Часов в шесть вечера мы были уже близко от Эпулу, и всякий раз, когда Пат останавливал машину, из леса с криками «Патнеми вернулся! Патнеми вернулся!» гурьбой высыпали местные жители.

Всеобщее возбуждение подействовало на меня. Мне захотелось бросить, руль и торжественно усесться на заднем сиденье, словно я была героем, возвращающимся после долгой отлучки на родину. Эти глупые мысли рас-' смешили меня. Я была по-настоящему счастлива, когда вела наш потрепанный «шеви» по пыльному шоссе через лес, вслед за старенькой машиной Пата, из радиатора которой валил пар. По тому, как Пат вел машину, я догадывалась, что он тоже находится в приподнятом состоянии. Он отсутствовал много месяцев, и возвращение глубоко взволновало его.

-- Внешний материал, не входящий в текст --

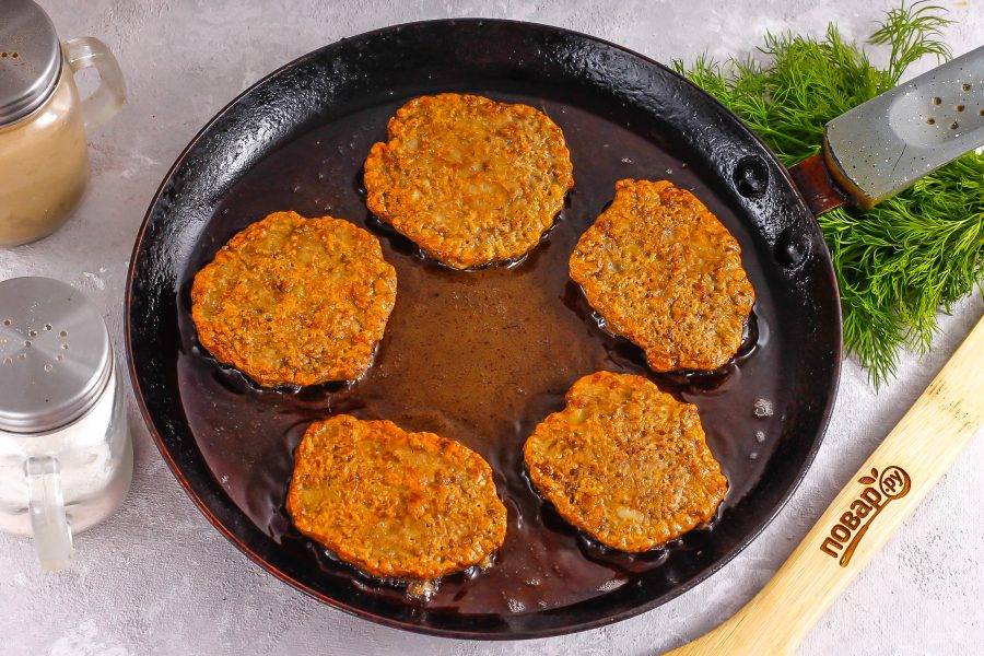 Раскалите сковороду с растительным маслом и столовой ложкой выложите в него части приготовленного печеночного теста. Обжарьте на умеренном нагреве по 1-2 минуте до румяности.

Взошла луна, яркая и большая. Некоторое время дорога петляла в темноте, за одним из поворотов от лунного света она стала похожа на отливающую бронзой ленту. Около девяти часов вечера Пат свернул с дороги на тропинку, которая вилась между стволами огромных деревьев. Повернув вслед за машиной Пата, я увидела щит, прибитый к столбу, который стоял на повороте. Надпись на щите гласила: «Лагерь Патнем. Пища и кров». Здесь это выглядело так же, как иглу[5] эскимоса в Таймс-сквере[6]. Проехав еще километра полтора, Пат резко затормозил. Я едва успела затормозить, чуть не врезавшись в машину Пата. Выйдя из автомобиля, я прошла вперед. Моему взору открылась великолепнейшая из картин, когда-либо виденных мною в Северной Америке или Африке. Рамой служила арка из красных цветов, более крупных, чем бермудская роза. Подойдя к цветочной арке, я обратила внимание, что местные жители соорудили ее, привязав цветы к стеблям пальм. Я подумала о том, как живущие здесь люди любят Пата и как велико было их желание угодить его молодой жене. Далее шла поляна, с одной стороны которой находился невысокий крутой обрыв к реке Эпулу, а с трех других — джунгли. Лагерь был залит ярким рассеянным светом, струившимся сквозь кроны деревьев, и освещавшим строения лагеря. Одно из них — длинное крытое листьями — было, как я догадывалась, госпиталем, другое — большое, беспорядочной архитектуры — служило гостиницей; за ними, ближе к реке, стоял маленький дом с глинобитными стенами и крышей из блестящих зеленых листьев. Позади госпиталя находился загон, окруженный частоколом, сооруженным из стволов молодых пальм. Загон был разделен на секции, в которых содержались животные, пойманные в джунглях. Длинное и сравнительно узкое здание госпиталя было не больше больничной палаты в каком-либо медицинском учреждении крупного города. Небольшое крыльцо вело к входной двери. Это глинобитное и крытое листьями здание было построено очень умело.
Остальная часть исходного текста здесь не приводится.